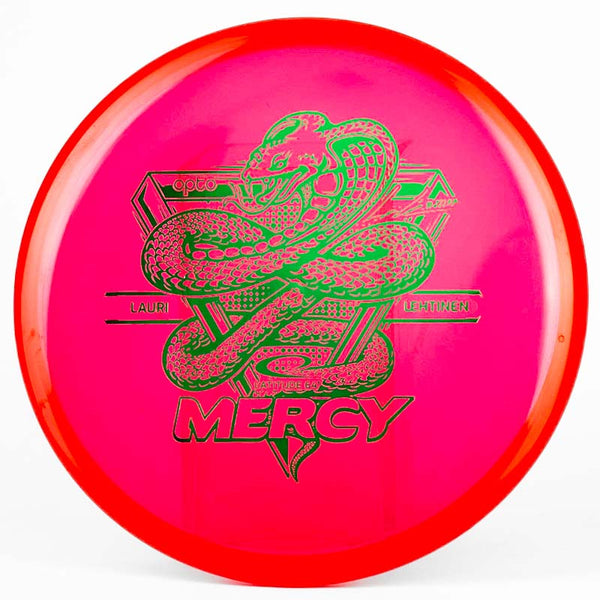 This Latitude 64 Mercy is made with premium grade Opto plastic and features a Lauri Lehtinen Signature snake stamp. Latitude 64's Opto plastic is a translucent plastic that is highly durable and still has decent grip. These discs are highly domey and will glide forever which makes them ideal to use as a driving putter. Personally I didn't like the feel of them when throwing forehand, but for backhand these are a delight to throw. Plus, who wouldn't want to show off that awesome stamp? Pick up one of these Latitude 64 Opto Mercys while we have them!
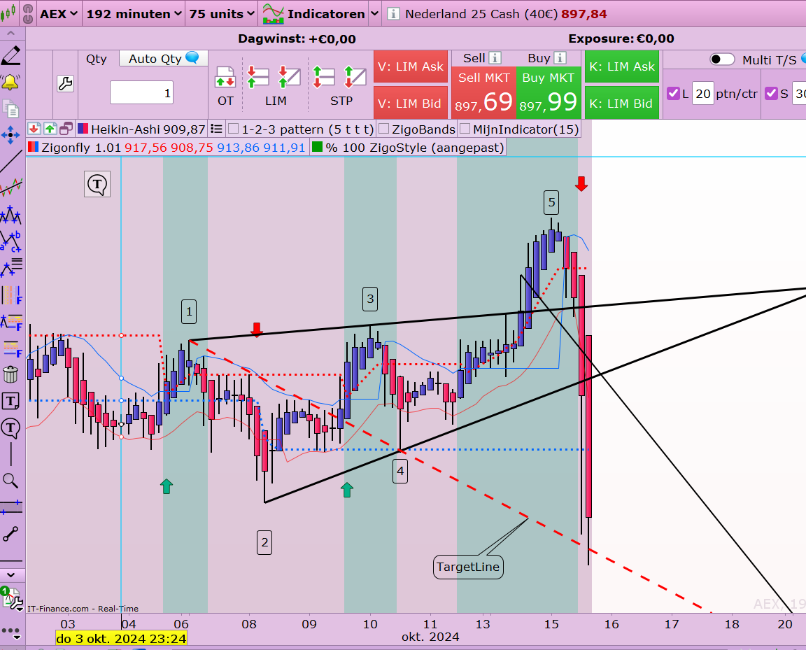 Ik vond gisteren het begin van een WolfWave in de dax-40 en tegelijkertijd in de AEX-25 index (Nederland).
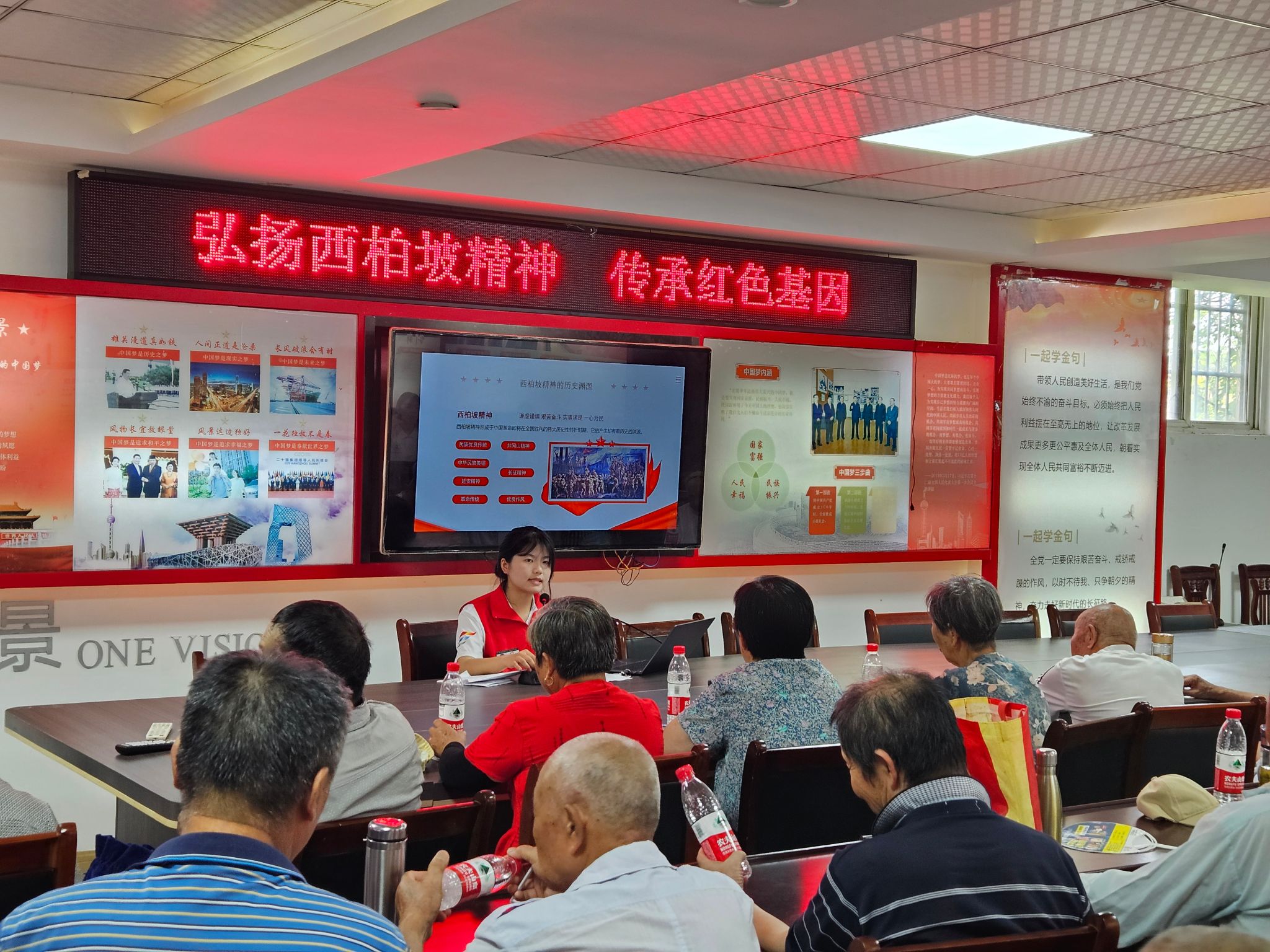 弘扬西柏坡精神,传承红色基因。微光志愿服务队是2024年全国大学生西柏坡精神志愿宣讲团,依托暑期三下乡的平台,致力于推动西柏坡精神在全社会的广泛传播和深入实践。7月8日上午,微光志愿服务队的同学们就早早来到吴嘴社区,大家统一着装,有序分工,提前布置宣讲场地,做好宣讲的充分准备。社区居民全部到场后,西柏坡精神宣讲正式开始。宣讲员围绕“谦虚谨慎、艰苦奋斗、实事求是、一心为民”为核心内容的西柏坡精神,从西柏坡精神的历史背景、内涵以及西柏坡精神代表人物娓娓道来,宣讲员的讲解声情并茂,动人心弦,赢得了社区居民的点赞和喝彩。
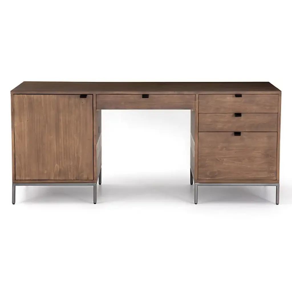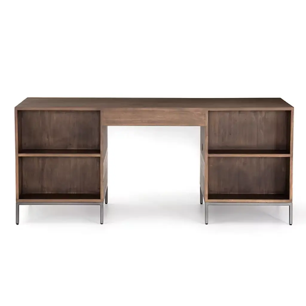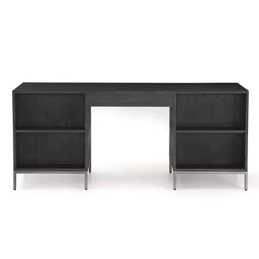 Drawing from mid-century influences, the Trey Executive Desk from Four Hands combines solid poplar construction with practical design. Its bracket-shaped profile houses multiple drawers, resting atop an iron offering ample storage, while top-grain leather pulls and metal accents add a touch of sophistication. The open silhouette offers plenty of space, with room for file storage, cutouts for cord management, and anti-tip hardware for the drawers, offering safety and functionality.
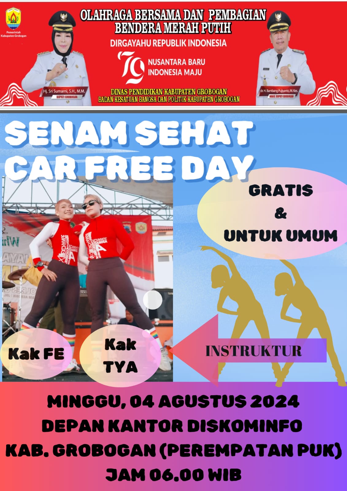 Mari datang dan ramaikan Senam Sehat pada Car Free Day, Minggu 4 Agustus 2024, titik lokasi depan Kantor Dinas Komunikasi dan Informatika Kabupaten Grobogan. Dalam acara tersebut akan dilaksanakan senam sehat bersama dan pembagian Bendera Merah Putih.
☆ ☆ ☆ ☆
Work required -
Without any of its images, the data above should be returned exactly.

Problem solution -
 This Latitude 64 Mercy is made with premium grade Opto plastic and features a Lauri Lehtinen Signature snake stamp. Latitude 64's Opto plastic is a translucent plastic that is highly durable and still has decent grip. These discs are highly domey and will glide forever which makes them ideal to use as a driving putter. Personally I didn't like the feel of them when throwing forehand, but for backhand these are a delight to throw. Plus, who wouldn't want to show off that awesome stamp? Pick up one of these Latitude 64 Opto Mercys while we have them!
 Ik vond gisteren het begin van een WolfWave in de dax-40 en tegelijkertijd in de AEX-25 index (Nederland).
 弘扬西柏坡精神,传承红色基因。微光志愿服务队是2024年全国大学生西柏坡精神志愿宣讲团,依托暑期三下乡的平台,致力于推动西柏坡精神在全社会的广泛传播和深入实践。7月8日上午,微光志愿服务队的同学们就早早来到吴嘴社区,大家统一着装,有序分工,提前布置宣讲场地,做好宣讲的充分准备。社区居民全部到场后,西柏坡精神宣讲正式开始。宣讲员围绕“谦虚谨慎、艰苦奋斗、实事求是、一心为民”为核心内容的西柏坡精神,从西柏坡精神的历史背景、内涵以及西柏坡精神代表人物娓娓道来,宣讲员的讲解声情并茂,动人心弦,赢得了社区居民的点赞和喝彩。
 Drawing from mid-century influences, the Trey Executive Desk from Four Hands combines solid poplar construction with practical design. Its bracket-shaped profile houses multiple drawers, resting atop an iron offering ample storage, while top-grain leather pulls and metal accents add a touch of sophistication. The open silhouette offers plenty of space, with room for file storage, cutouts for cord management, and anti-tip hardware for the drawers, offering safety and functionality.
 Mari datang dan ramaikan Senam Sehat pada Car Free Day, Minggu 4 Agustus 2024, titik lokasi depan Kantor Dinas Komunikasi dan Informatika Kabupaten Grobogan. Dalam acara tersebut akan dilaksanakan senam sehat bersama dan pembagian Bendera Merah Putih.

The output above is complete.